*WHAT YOU SHOULD DO*:
Entries below include pictures. Output exactly the lines from the one with "The dispute soon" down to the one with "11月4日(火)ハローワーク", both ends included, and leave the pictures out.

*PROVIDED RECORDS*:
# # # # # # #

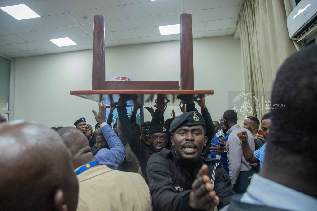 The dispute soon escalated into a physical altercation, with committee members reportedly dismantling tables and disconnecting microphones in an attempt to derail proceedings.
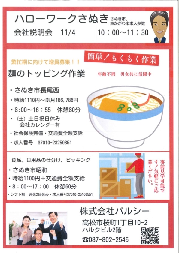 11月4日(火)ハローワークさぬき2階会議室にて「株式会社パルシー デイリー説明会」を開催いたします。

# # # # # # #

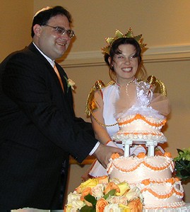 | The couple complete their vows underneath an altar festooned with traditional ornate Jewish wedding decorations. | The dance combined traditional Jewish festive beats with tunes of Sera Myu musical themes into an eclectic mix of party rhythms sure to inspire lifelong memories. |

# # # # # # #

*EXERCISE SOLUTION*:
 The dispute soon escalated into a physical altercation, with committee members reportedly dismantling tables and disconnecting microphones in an attempt to derail proceedings.
 11月4日(火)ハローワークさぬき2階会議室にて「株式会社パルシー デイリー説明会」を開催いたします。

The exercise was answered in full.